Yaşını göstermemenin bir iltifat sayıldığı patriyarkal hayatta dile de müdahale şart oluyor. Bu müdahale de şüphesiz ki feministlere düşüyor. 

Her türlü hiyerarşinin mümkün mertebe reddi temel düsturumuz. Buna elbette ki yaş hiyerarşisi de dahil [1]

35 yaşındayım, yaş aldıkça dünyaya daha çok yerleştiğimi, kendimi daha çok tanıdığımı, sınırlarımı daha çok öğrendiğimi hissediyorum. Bu his benim için beraberinde yaşamın değerli olduğu duygusunu getiriyor. Çoğu zaman gecikmenin telaşı, bir şeyleri kaçırıyor olmanın endişesi eşlik ediyor bu duyguya, yani öyle pirüpak değilim. Bazen de yaşı benden daha fazla olan kadınların, yaşımı söylediğimde, kendi yaşamlarına dair hissettikleri kayıp, gençliklerinden uzaklaşmanın melankolisi ile bana bakmalarından utanıyorum, “yaşını göstermiyorsun” dendiğinde hakkım olmayan bir şeye sahipmişim gibi hissediyorum. Halbuki yaş, hepimizin üzerinde Demokles’in kılıcı gibi sürekli savrulmuyor mu? Kaç yaşında olursak olalım, hep bir mesele değil mi kadınlar için?
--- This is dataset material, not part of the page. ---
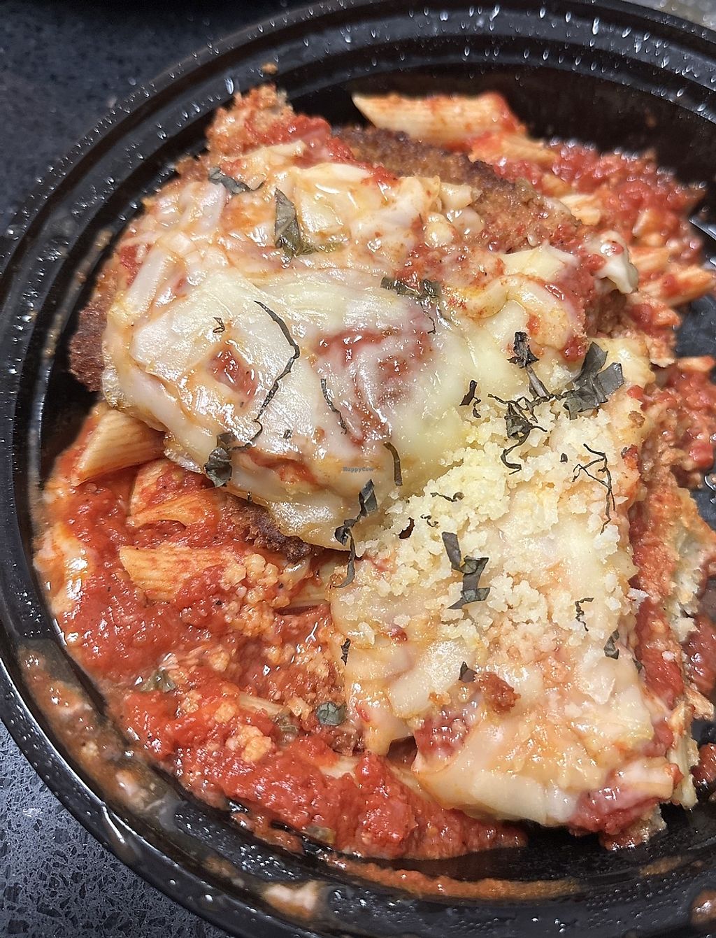 Fettuccine Alfredo ($16.95, buy 1, get 1, on Uber Eats) - “Vegan parme…

İşte tüm bu hislere tercüman, yaşın aslında feminist bir mesele olduğunu en samimi haliyle ortaya koyuyor bu kitap. Kadınların yaşlılık deneyiminin patriyarkal kapitalizmle bağlarını işaret ederken, yaşlılığı politik bir mesele haline getirmeye soyunuyor. Yaşlı ayrımcılığına dair önyargıları “sarsmak”, “altüst etmek” istiyor. “Yaşlılığın Feminizmi” adlı giriş bölümünde, feminist literatürde yaşlılık meselesinin henüz pek ele alınmadığını görüyoruz. Halbuki kadınların yaşlılık deneyimleri erkeklerin yaşlılık deneyimlerinden çok farklılaşıyor. Nasıl bir yaşlılık yaşayacağımızın sınıfsal konumumuza, etnik kimliğimize, cinsel yönelimimize göre değişimi çalışmada ayrıca vurgulanıyor. Tüm bu konumların beraberinden getirdiği olumsuz koşullar yaş aldıkça derinleşiyor.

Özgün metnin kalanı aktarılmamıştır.